Graeve-Cunningham has degrees in sociology, psychology and bioscience, making her an anomaly among her peers in every respect, save the desire to apply her knowledge toward achieving real-world solutions. 

“I spent all this time studying, spent all this time doing an MBA and a little bit of applied doctoral studies, which is very theoretical,” she said. “I wanted to find a place that really uses the science, uses the data to apply it to business and everyday practice. 

“I don’t want to live in academia. I want to find a place where we’re actually taking best practices and bringing them to life. TPG was a great opportunity for me to do that.”

Nonprofits Benefit

Graeve-Cunningham doubled down on this desire to effect change with the founding of ThriVinci in 2015. 
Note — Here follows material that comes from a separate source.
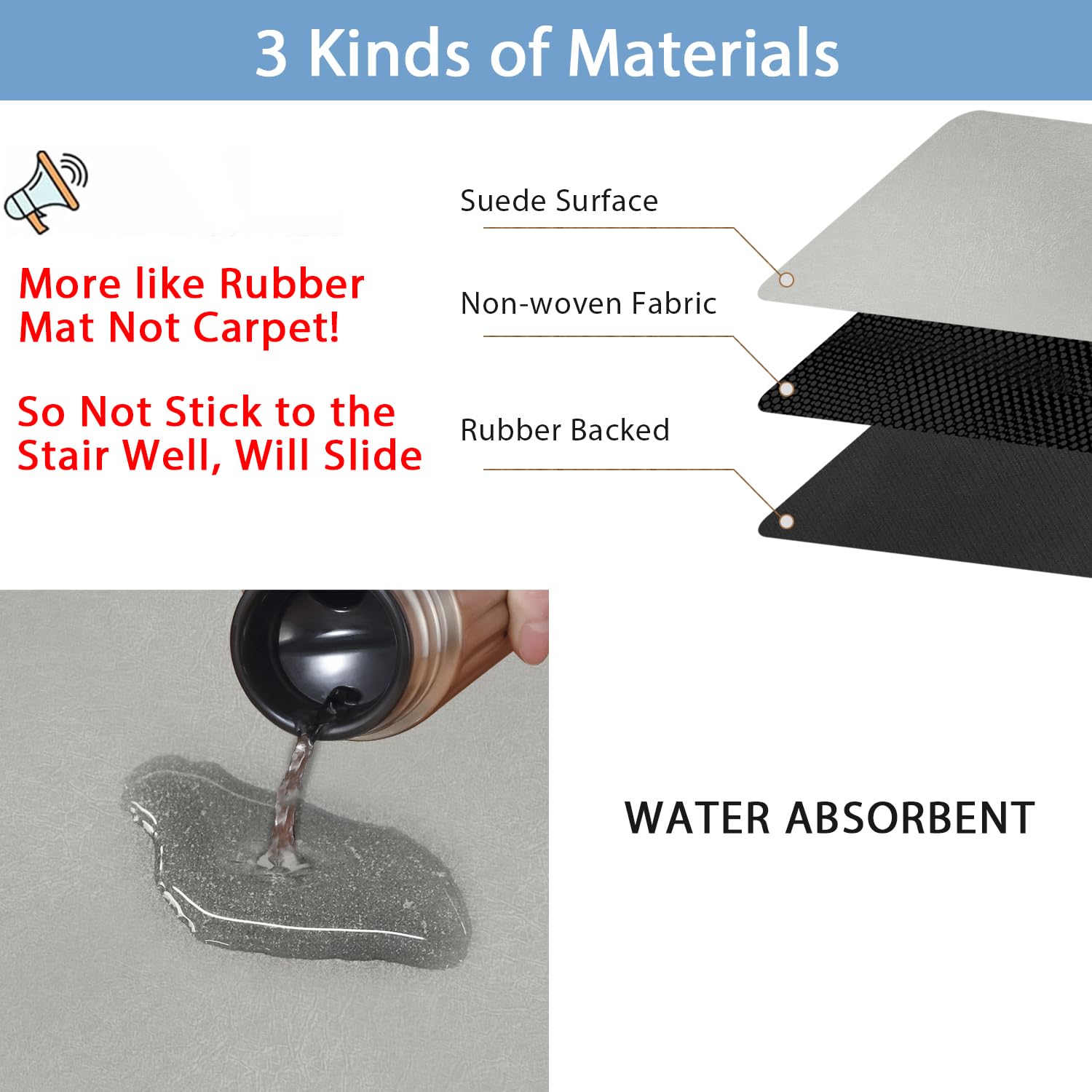 - No Adhesive: Anti-slip stair treads can obviously secure your safety when you go up and down the stairs. In addition, they won't destroy your stairs at all, because the anti moving bottom we created is NOT glue or permanent adhesive, and there won't be any residue when you remove them from the steps. Please be know that our rubber stair mats are not suitable for outdoor use.

“ThriVinci does similar work, but they do end-to-end client servicing,” she said. “There are organizations here in town that need business optimization. They need some of that data analysis, they need some of that change management and product development best practices.

“The organization uses the data, and they bring best practices to life. Instead of serving huge corporations, we take skills-based volunteers like myself and others around the community who want to bring these talents to serve a nonprofit. We’re really closing that science practitioner gap.”

Graeve-Cunningham earned her undergraduate and doctoral coursework from the University of Nebraska at Omaha and her MBA and Master of Science from Creighton University. Her community service roles include chair elect for the Joslyn Young Art Patrons Leadership Committee and board member of the Omaha Area Youth Orchestra, to name a few.